First Order Projection Methods#
Experiment Results#
Implementation Details#
Note
All experiments are ran under total 1e7 steps, while in the Doggo agent, 1e8 steps are used. This setting is the same as Safety-Gym
Environment Wrapper#
In the course of our experimental investigations, we have discerned certain hyperparameters that wield a discernible influence upon the algorithm’s performance:
The parameter denoted as
obs_normalize, which pertains to the normalization of observations.reward_normalize, governing the normalization of rewards.cost_normalize, governing the normalization of costs.
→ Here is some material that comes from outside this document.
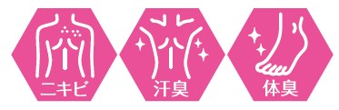 洗うだけで皮膚を洗浄・殺菌・消毒して、ニキビや体臭・汗臭をしっかりと防ぎます。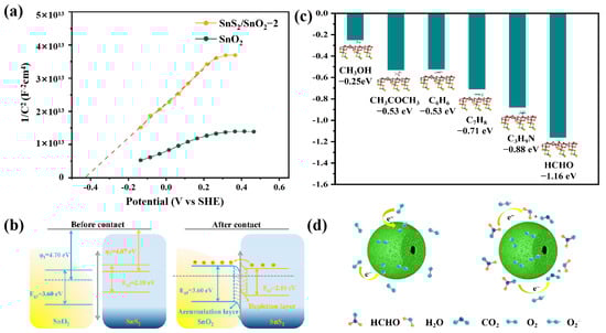 (a) Mott–Schottky plots of the SnO2 and SnS2/SnO2−2 hollow spheres; (b) energy band structure diagram of the SnS2/SnO2 heterojunctions; (c) DFT-calculated adsorption energies of the SnS2/SnO2 heterojunction surface; (d) schematic diagram of sensing mechanism of SnS2/SnO2 hollow spheres in air and formaldehyde.

Throughout the experimental trials, a consistent pattern emerged,
wherein the setting obs_normalize=True consistently yielded superior
results.
Note
Significantly, the outcome is not uniformly corroborated when it comes
to the reward_normalize parameter. Its affirmative setting
reward_normalize=True does not invariably outperform the negative
counterpart reward_normalize=False, a trend particularly pronounced
in the SafetyHopperVelocity-v1 and SafetyWalker2dVelocity-v1
environments.
Therefore, We make the environment wrapper to control the normalization of observations, rewards and costs:
env = safety_gymnasium.make(env_id)
env.reset(seed=seed)
obs_space = env.observation_space
act_space = env.action_space
env = SafeAutoResetWrapper(env)
env = SafeRescaleAction(env, -1.0, 1.0)
env = SafeNormalizeObservation(env)
env = SafeUnsqueeze(env)
return env, obs_space, act_space
Lagrangian Multiplier#
Lagrangian-based algorithms use Lagrangian Multiplier to control the safety
constraint. The Lagrangian Multiplier is an Integrated part of
SafePO.
Some key points:
The implementation of
Lagrangian Multiplieris based onAdamoptimizer for a smooth update.The
Lagrangian Multiplieris updated every epoch based on the total cost violation of current episodes.
Key implementation:
from safepo.common.lagrange import Lagrange
# setup lagrangian multiplier
COST_LIMIT = 25.0
LAGRANGIAN_MULTIPLIER_INIT = 0.001
LAGRANGIAN_MULTIPLIER_LR = 0.035
lagrange = Lagrange(
cost_limit=COST_LIMIT,
lagrangian_multiplier_init=LAGRANGIAN_MULTIPLIER_INIT,
lagrangian_multiplier_lr=LAGRANGIAN_MULTIPLIER_LR,
)
# update lagrangian multiplier
# suppose ep_cost is 50.0
ep_cost = 50.0
lagrange.update_lagrange_multiplier(ep_cost)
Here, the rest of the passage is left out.